*** Block opens ***

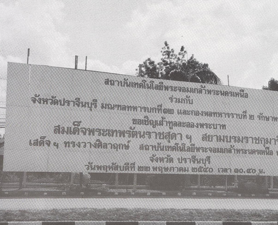 สมเด็จพระเทพรัตนราชสุดา สยามบรมราชกุมารี เสด็จพระราชดำเนินทรงประกอบพิธีวางศิลาฤกษ์ สถาบันเทคโนโลยีพระจอมเกล้าพระนครเหนือ ปราจีนบุรี ณ จังหวัดปราจีนบุรี
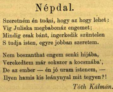 Poem of Tóth Kálmán
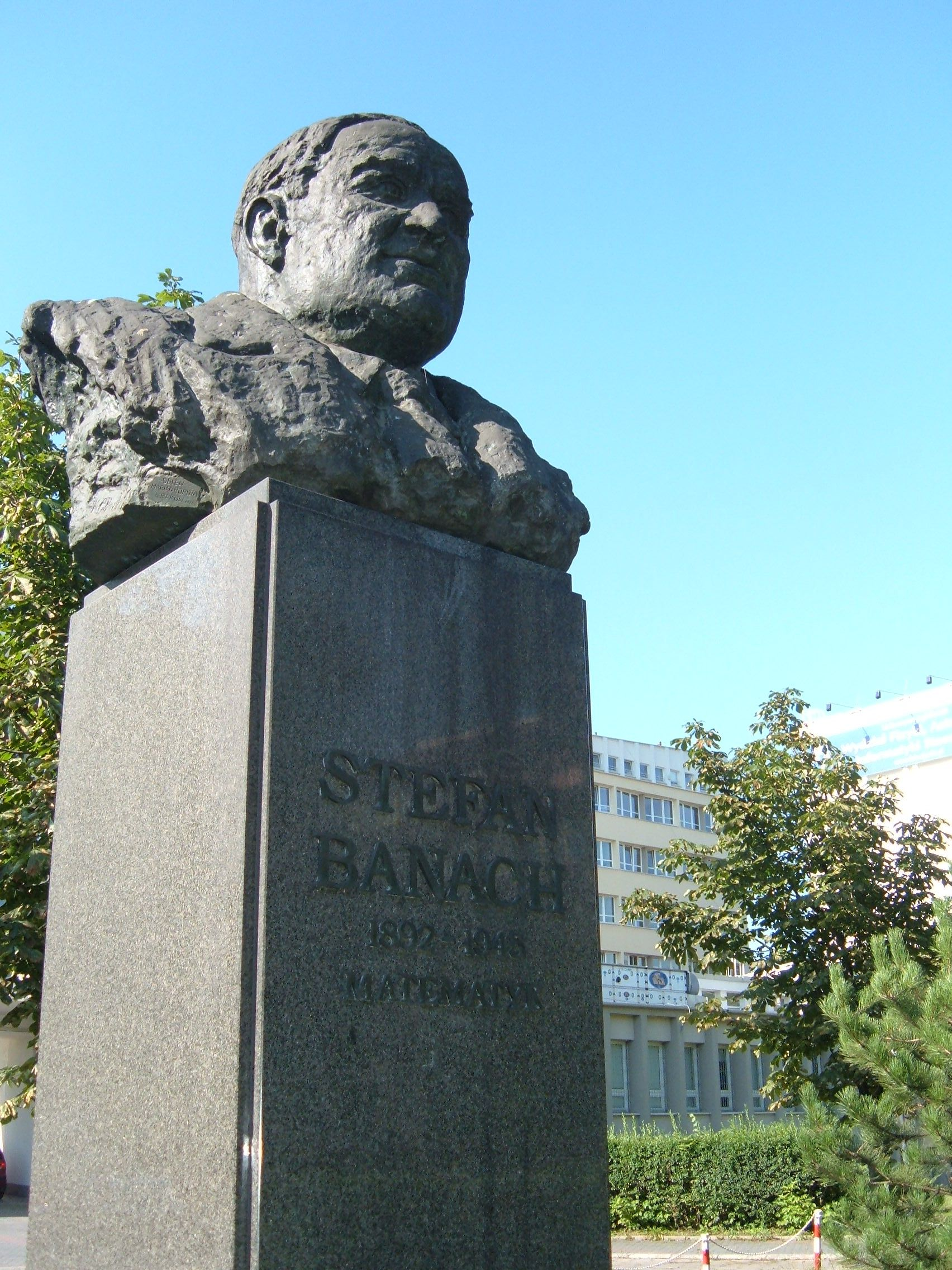 Monument to Stefan Banach, polish mathematician. Wladyslaw Reymont Street, Cracow, Poland.

*** Block closes ***

> **Try it**
Recreate the listing above word for word, dropping each picture it contains.

> **Task answer**
 สมเด็จพระเทพรัตนราชสุดา สยามบรมราชกุมารี เสด็จพระราชดำเนินทรงประกอบพิธีวางศิลาฤกษ์ สถาบันเทคโนโลยีพระจอมเกล้าพระนครเหนือ ปราจีนบุรี ณ จังหวัดปราจีนบุรี
 Poem of Tóth Kálmán
 Monument to Stefan Banach, polish mathematician. Wladyslaw Reymont Street, Cracow, Poland.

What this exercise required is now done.